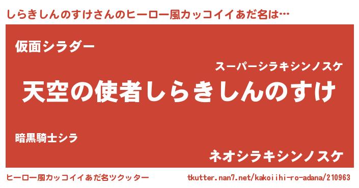 | 男性向けラノベタイトル風あだ名 | 『ノーゲーム・ノーシラキシンノスケ』 |
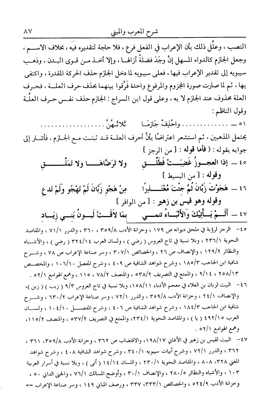 47- البيت لقيس بن زهير في الأغاني 17/ 198، والاقتضاب ص362، وخزانة الأدب 8/ 359، 361، 362، والدرر 1/ 72، وشرح أبيات سيبويه 1/ 340، وشرح شواهد الشافية 408، وشرح شواهد المغني 328، 808، والمقاصد النحوية 1/ 230، واللسان 14/ 14 "أتى"، وبلا نسبة في أسرار العربية 103، والأشباه والنظائر 5/ 280، والإنصاف 1/ 30، وأوضح المسالك 1/ 76، والجنى الداني 50، وخزانة الأدب 9/ 524، والخصائص 1/ 333، 337، ورصف المباني 149، وسر صناعة الإعراب 1/ 87، 2/ 631، وشرح الأشموني 1/ 168، وشرح شافية ابن الحاجب 3/ 184، وشرح المفصل 8/ 24، 10/ 104، والكتاب 3/ 316، واللسان 5/ 75، "قدر"، 14/ 324 "رضي"، 14/ 434 "شظي"، 15/ 492 "يا"، والمحتسب 1/ 67، 215، ومغني اللبيب 1/ 108، 2/ 387، والمقرب 1/ 50، 203، والممتع في التصريف 2/ 537، والمنصف 2/ 81، 114، 115، وهمع الهوامع 1/ 52.
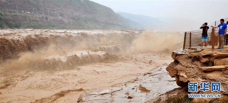 近日,受上游地區(qū)強降雨天氣影響,位于山西吉縣和陜西宜川縣交界的黃河壺口瀑布水量大漲。目前,壺口景區(qū)已啟動應(yīng)急預(yù)警,工作人員加強上游水情監(jiān)測并加大安全巡查力度,確保游客安全。新華社發(fā)(呂桂明 攝)
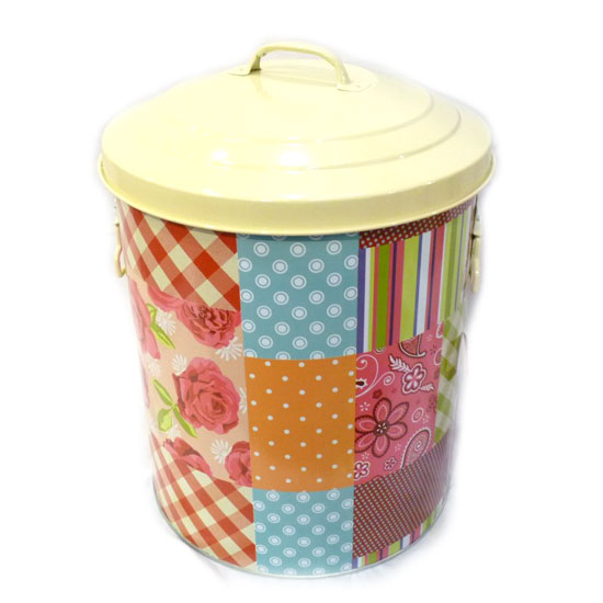 The garbage bin is completed with an ample storage capacity. It is covered with a lid that prevents odors from disseminating. The body is ornamented with checks of fancy patterns.
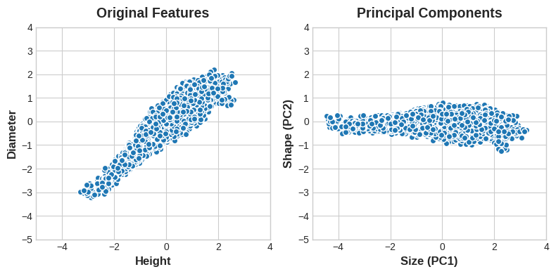 'Height'와 'Diameter'로 abalone을 표현하는 대신 'Size'와 'Shape'로도 figure를 표현할 수 있습니다.
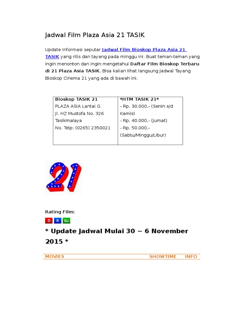 We are nonprofit website to share and download documents. Harga tiket masuk cinema 21 tasikmalaya. Peta toko lainnya web toko ikuti. Jadwal21.my.id adalah website yang menyediakan informasi harga tiket nonton dan jadwal xxi film terbaru. Dalam ajaran agama islam, seluruh aktivitas hendaknya dilakukan dengan berdoa. Fun cinema db mall bhopal shows. Jadwal terupdate setiap hari dan kamu juga bisa mencari bioskop terdekat dari tempat kamu berada. Sabtu/minggu dan hari libur rp. Plaza asia lantai g jl. Posted in tiket bioskop tagged #cinema 21 tasikmalaya, #jadwal 21 tasikmalaya coming soon, #jadwal 21 tasikmalaya hari jumat, #jadwal film 21 tasikmalaya, #jadwal film bioskop di asia plaza tasikmalaya post navigation. Jl tentara pelajar no 1, 45131 cirebon. Nomor telepon cinema 21 tasikmalayanomor telepon: 71 likes · 4 talking about this.
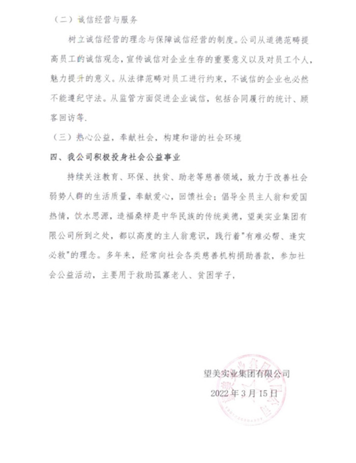 望美實業集團有限公司2021年度社會責任報告
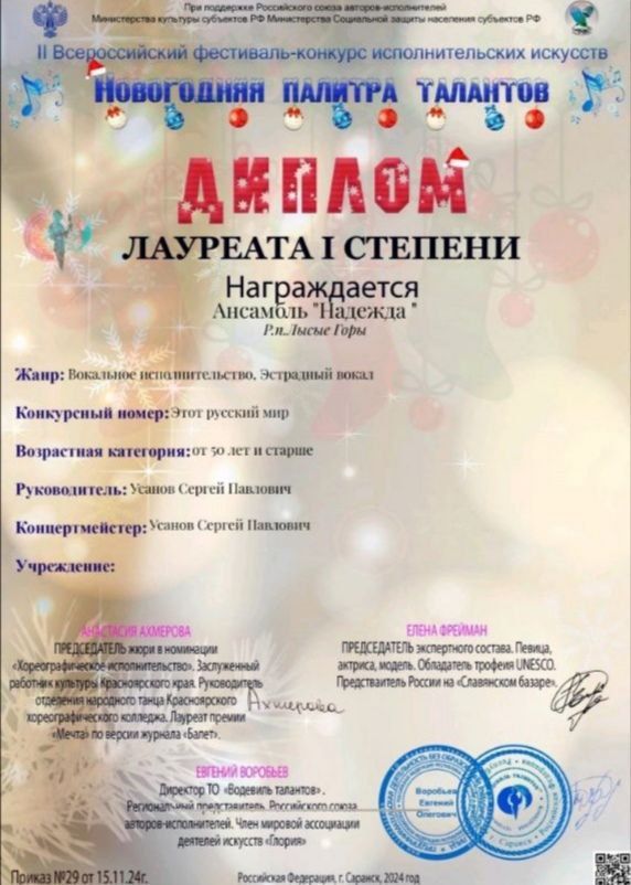 Ансамбль «Надежда» начинает 2025 год с награды Всероссийского конкурса
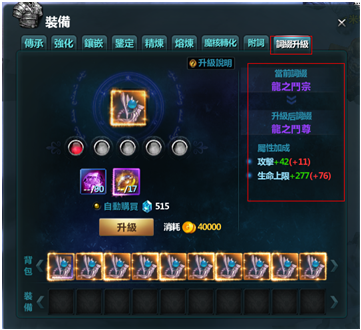 2.「詞綴升級」玩家需使用「精魂」、「淚晶」提升詞綴屬性。
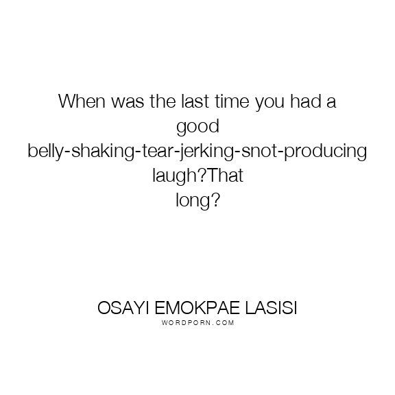 When was the last time you had a good belly-shaking-tear-jerking-snot-producing laugh?That long?
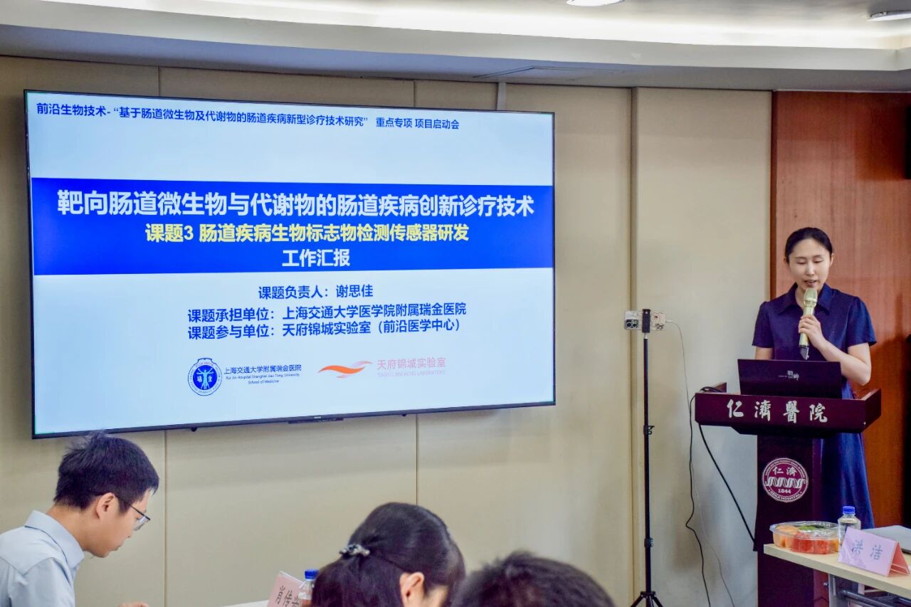 課題三負(fù)責(zé)人、上海交通大學(xué)醫(yī)學(xué)院附屬瑞金醫(yī)院醫(yī)學(xué)芯片研究所PI謝思佳研究員匯報(bào)了課題實(shí)施方案,重點(diǎn)介紹腸道疾病生物標(biāo)志物檢測傳感器研發(fā)。
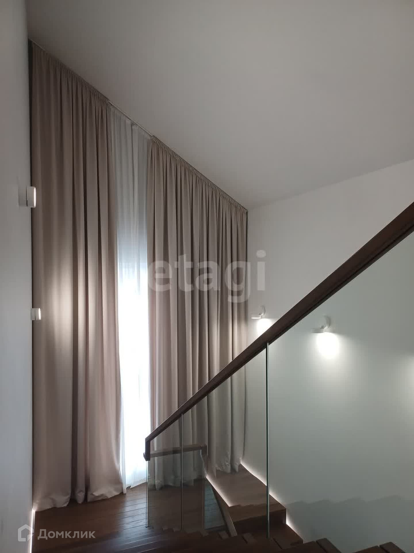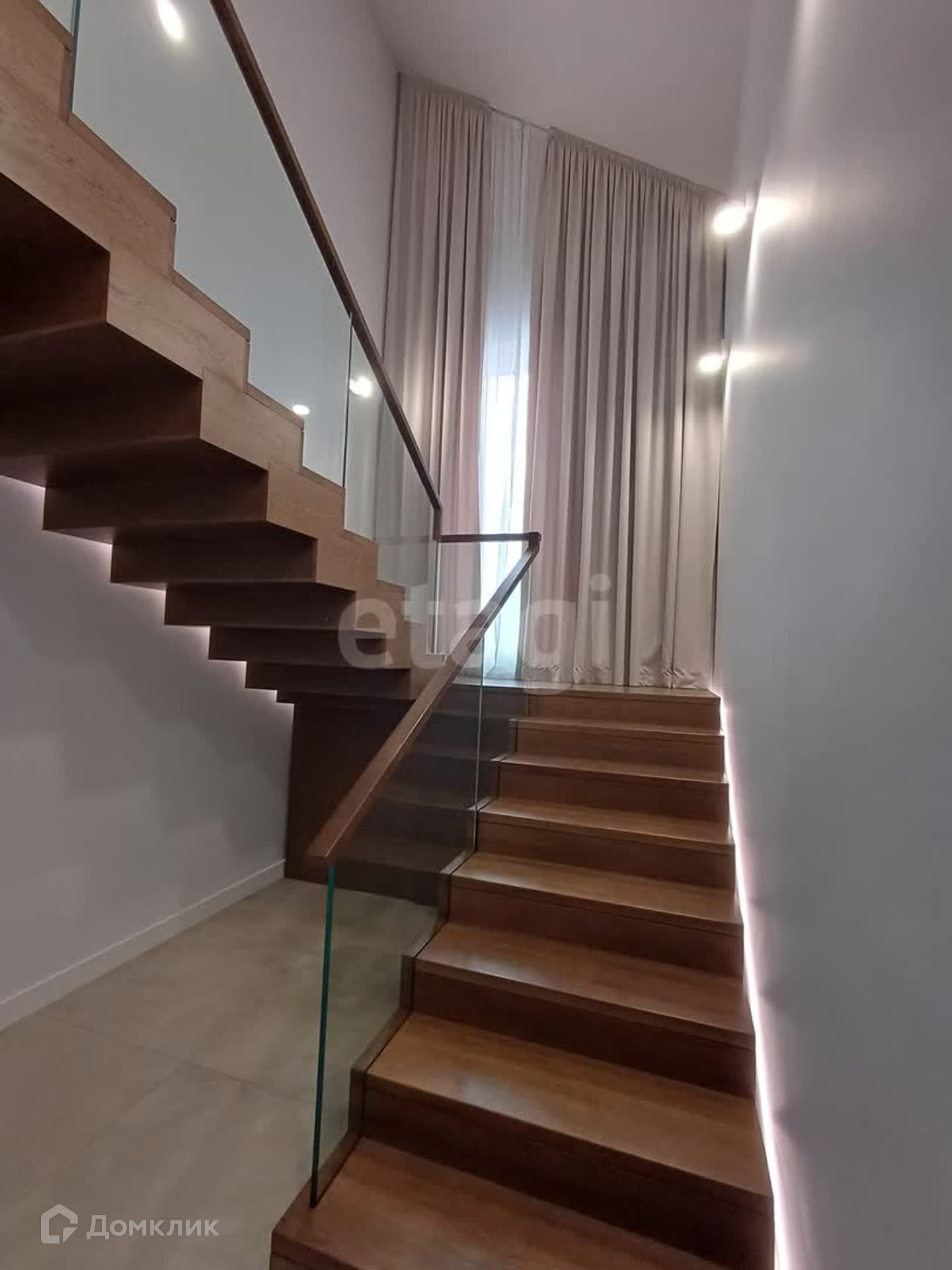 Пространство двух этажей объединяет современная лестница с подсветкой. Витражное окно.
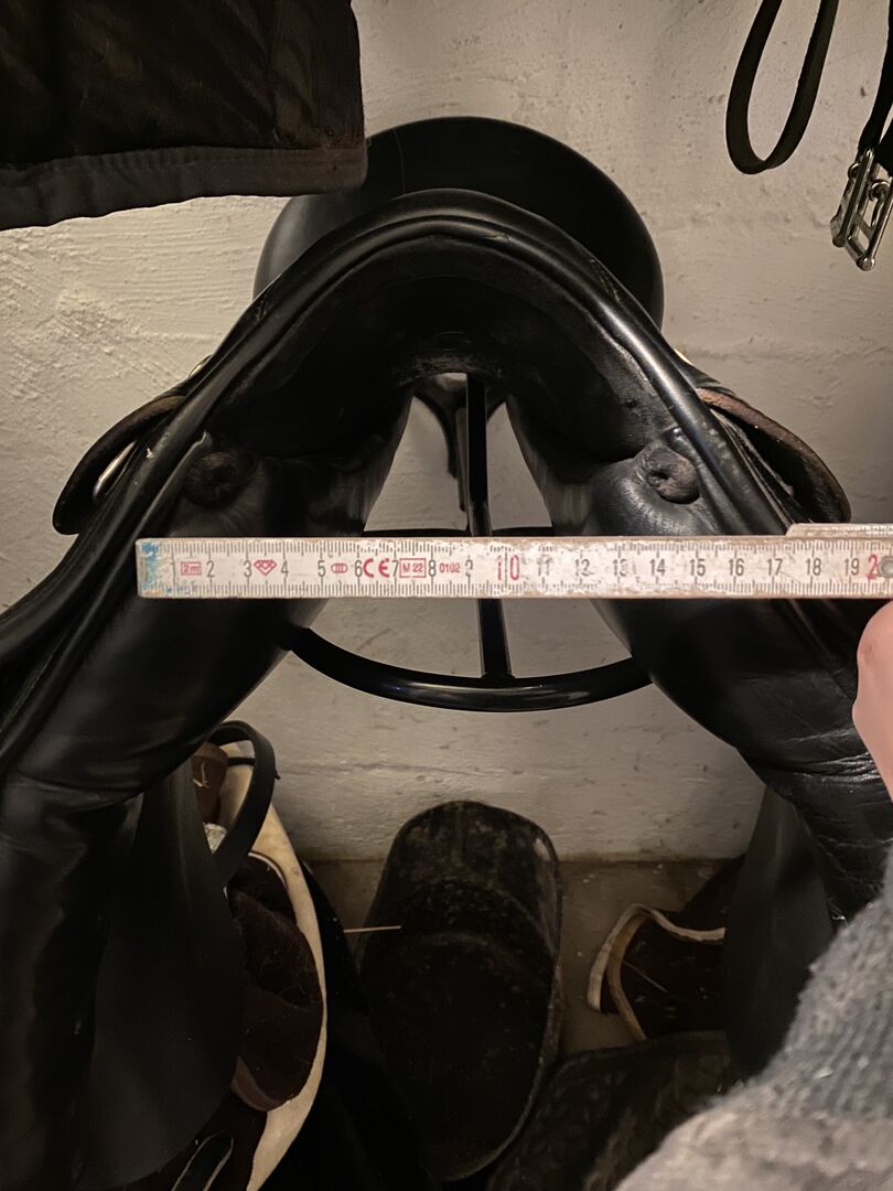 Dressyrsadel Prestige Hippos Dressage 17/33 - Prestige Hippos Dressage (lillasyster till Top Dressage) 17 tum, 33 kammare, bred ryggkanal och kilpaneler - kall justerbar på plats och i mycket gott skick! Gördelremmarna är centrerade annorlunda än vanligt, men detta kan naturligtvis ändras igen utan problem. Den är verkligen välskött och har knappast några tecken på användning! Den stoppades om för några månader sedan och är supermjuk! Sadeln är idealisk för hästar med impuls och högre manke. Du är underbart nära hästen och har en riktigt fin djup sits. Tyvärr passar den inte mitt sto. Sadelklaff finns att tillgå. Tillverkningsår 2003 (röd knapp)
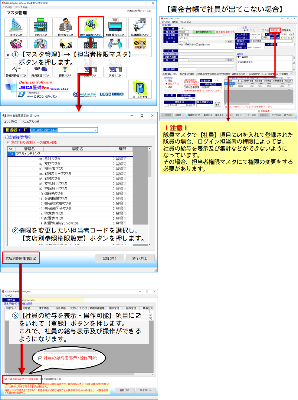 ログイン担当者の権限によっては、社員の給与及び操作ができないようになっています。

▶ _Task goal_
Everything in the records above must be repeated exactly, apart from the pictures.

▶ _Answer area_
 | 男性向けラノベタイトル風あだ名 | 『ノーゲーム・ノーシラキシンノスケ』 |
 47- البيت لقيس بن زهير في الأغاني 17/ 198، والاقتضاب ص362، وخزانة الأدب 8/ 359، 361، 362، والدرر 1/ 72، وشرح أبيات سيبويه 1/ 340، وشرح شواهد الشافية 408، وشرح شواهد المغني 328، 808، والمقاصد النحوية 1/ 230، واللسان 14/ 14 "أتى"، وبلا نسبة في أسرار العربية 103، والأشباه والنظائر 5/ 280، والإنصاف 1/ 30، وأوضح المسالك 1/ 76، والجنى الداني 50، وخزانة الأدب 9/ 524، والخصائص 1/ 333، 337، ورصف المباني 149، وسر صناعة الإعراب 1/ 87، 2/ 631، وشرح الأشموني 1/ 168، وشرح شافية ابن الحاجب 3/ 184، وشرح المفصل 8/ 24، 10/ 104، والكتاب 3/ 316، واللسان 5/ 75، "قدر"، 14/ 324 "رضي"، 14/ 434 "شظي"، 15/ 492 "يا"، والمحتسب 1/ 67، 215، ومغني اللبيب 1/ 108، 2/ 387، والمقرب 1/ 50، 203، والممتع في التصريف 2/ 537، والمنصف 2/ 81، 114، 115، وهمع الهوامع 1/ 52.
 近日,受上游地區(qū)強降雨天氣影響,位于山西吉縣和陜西宜川縣交界的黃河壺口瀑布水量大漲。目前,壺口景區(qū)已啟動應(yīng)急預(yù)警,工作人員加強上游水情監(jiān)測并加大安全巡查力度,確保游客安全。新華社發(fā)(呂桂明 攝)
 The garbage bin is completed with an ample storage capacity. It is covered with a lid that prevents odors from disseminating. The body is ornamented with checks of fancy patterns.
 'Height'와 'Diameter'로 abalone을 표현하는 대신 'Size'와 'Shape'로도 figure를 표현할 수 있습니다.
 We are nonprofit website to share and download documents. Harga tiket masuk cinema 21 tasikmalaya. Peta toko lainnya web toko ikuti. Jadwal21.my.id adalah website yang menyediakan informasi harga tiket nonton dan jadwal xxi film terbaru. Dalam ajaran agama islam, seluruh aktivitas hendaknya dilakukan dengan berdoa. Fun cinema db mall bhopal shows. Jadwal terupdate setiap hari dan kamu juga bisa mencari bioskop terdekat dari tempat kamu berada. Sabtu/minggu dan hari libur rp. Plaza asia lantai g jl. Posted in tiket bioskop tagged #cinema 21 tasikmalaya, #jadwal 21 tasikmalaya coming soon, #jadwal 21 tasikmalaya hari jumat, #jadwal film 21 tasikmalaya, #jadwal film bioskop di asia plaza tasikmalaya post navigation. Jl tentara pelajar no 1, 45131 cirebon. Nomor telepon cinema 21 tasikmalayanomor telepon: 71 likes · 4 talking about this.
 望美實業集團有限公司2021年度社會責任報告
 Ансамбль «Надежда» начинает 2025 год с награды Всероссийского конкурса
 2.「詞綴升級」玩家需使用「精魂」、「淚晶」提升詞綴屬性。
 When was the last time you had a good belly-shaking-tear-jerking-snot-producing laugh?That long?
 課題三負(fù)責(zé)人、上海交通大學(xué)醫(yī)學(xué)院附屬瑞金醫(yī)院醫(yī)學(xué)芯片研究所PI謝思佳研究員匯報(bào)了課題實(shí)施方案,重點(diǎn)介紹腸道疾病生物標(biāo)志物檢測傳感器研發(fā)。
 Пространство двух этажей объединяет современная лестница с подсветкой. Витражное окно.
 Dressyrsadel Prestige Hippos Dressage 17/33 - Prestige Hippos Dressage (lillasyster till Top Dressage) 17 tum, 33 kammare, bred ryggkanal och kilpaneler - kall justerbar på plats och i mycket gott skick! Gördelremmarna är centrerade annorlunda än vanligt, men detta kan naturligtvis ändras igen utan problem. Den är verkligen välskött och har knappast några tecken på användning! Den stoppades om för några månader sedan och är supermjuk! Sadeln är idealisk för hästar med impuls och högre manke. Du är underbart nära hästen och har en riktigt fin djup sits. Tyvärr passar den inte mitt sto. Sadelklaff finns att tillgå. Tillverkningsår 2003 (röd knapp)
 ログイン担当者の権限によっては、社員の給与及び操作ができないようになっています。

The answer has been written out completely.